Assignment =>
Copying rule for the data below: pictures stay out, and only the lines from the one with "The two other" down to the one with "Oktoberfest arriva a", inclusive, are repeated exactly.

Extracted records =>
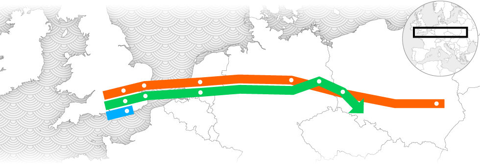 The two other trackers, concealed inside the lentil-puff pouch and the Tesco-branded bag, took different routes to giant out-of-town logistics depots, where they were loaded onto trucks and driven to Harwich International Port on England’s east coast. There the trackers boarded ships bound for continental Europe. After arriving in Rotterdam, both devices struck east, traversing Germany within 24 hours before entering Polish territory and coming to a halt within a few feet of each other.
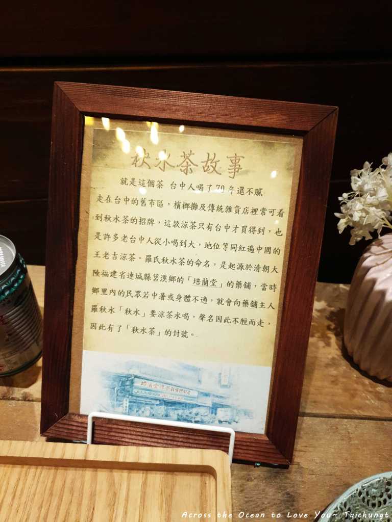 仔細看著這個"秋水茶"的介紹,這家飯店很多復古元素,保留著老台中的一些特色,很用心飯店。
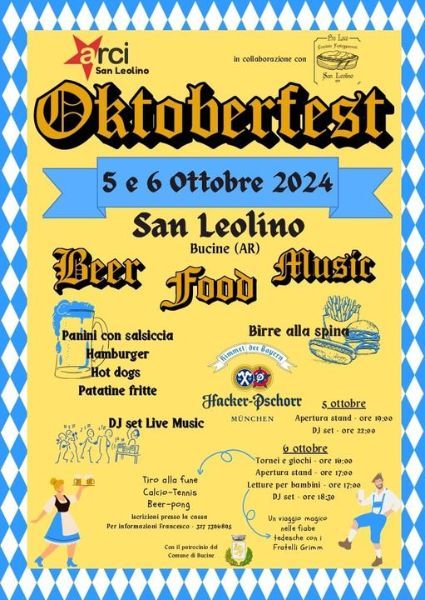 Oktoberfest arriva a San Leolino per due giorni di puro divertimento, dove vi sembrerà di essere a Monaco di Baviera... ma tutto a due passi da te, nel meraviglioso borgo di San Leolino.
--
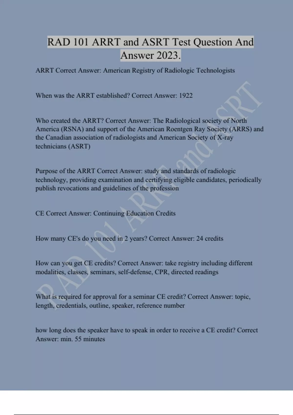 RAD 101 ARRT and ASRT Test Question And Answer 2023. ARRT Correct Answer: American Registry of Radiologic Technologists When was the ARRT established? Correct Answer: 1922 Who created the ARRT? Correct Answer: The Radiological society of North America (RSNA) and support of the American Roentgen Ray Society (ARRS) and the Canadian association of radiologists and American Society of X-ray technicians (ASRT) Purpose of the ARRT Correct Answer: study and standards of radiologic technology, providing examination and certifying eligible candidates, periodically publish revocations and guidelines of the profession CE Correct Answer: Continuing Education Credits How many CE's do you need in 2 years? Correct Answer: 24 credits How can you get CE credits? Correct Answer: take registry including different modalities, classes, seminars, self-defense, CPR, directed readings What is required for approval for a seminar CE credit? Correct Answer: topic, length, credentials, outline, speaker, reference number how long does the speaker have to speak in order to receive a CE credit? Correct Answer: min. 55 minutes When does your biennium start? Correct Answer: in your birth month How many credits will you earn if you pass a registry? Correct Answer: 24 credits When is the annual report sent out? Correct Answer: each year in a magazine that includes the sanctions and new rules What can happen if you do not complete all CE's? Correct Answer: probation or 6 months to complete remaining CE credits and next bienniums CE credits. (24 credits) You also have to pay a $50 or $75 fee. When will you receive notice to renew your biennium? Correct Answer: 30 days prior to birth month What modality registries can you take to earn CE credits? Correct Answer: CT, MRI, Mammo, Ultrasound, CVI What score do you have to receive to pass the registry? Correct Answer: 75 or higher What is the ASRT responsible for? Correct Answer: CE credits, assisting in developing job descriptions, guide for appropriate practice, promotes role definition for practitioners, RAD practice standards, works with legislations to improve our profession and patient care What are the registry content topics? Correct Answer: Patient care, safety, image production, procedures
...
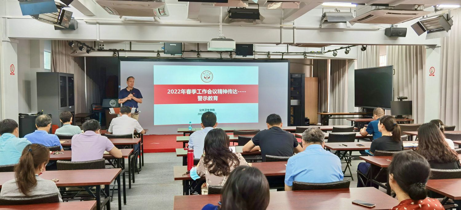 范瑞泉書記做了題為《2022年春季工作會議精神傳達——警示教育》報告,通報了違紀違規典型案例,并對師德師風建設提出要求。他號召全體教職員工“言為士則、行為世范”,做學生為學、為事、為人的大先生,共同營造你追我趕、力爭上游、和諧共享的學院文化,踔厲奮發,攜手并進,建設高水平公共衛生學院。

Task solution =>
 The two other trackers, concealed inside the lentil-puff pouch and the Tesco-branded bag, took different routes to giant out-of-town logistics depots, where they were loaded onto trucks and driven to Harwich International Port on England’s east coast. There the trackers boarded ships bound for continental Europe. After arriving in Rotterdam, both devices struck east, traversing Germany within 24 hours before entering Polish territory and coming to a halt within a few feet of each other.
 仔細看著這個"秋水茶"的介紹,這家飯店很多復古元素,保留著老台中的一些特色,很用心飯店。
 Oktoberfest arriva a San Leolino per due giorni di puro divertimento, dove vi sembrerà di essere a Monaco di Baviera... ma tutto a due passi da te, nel meraviglioso borgo di San Leolino.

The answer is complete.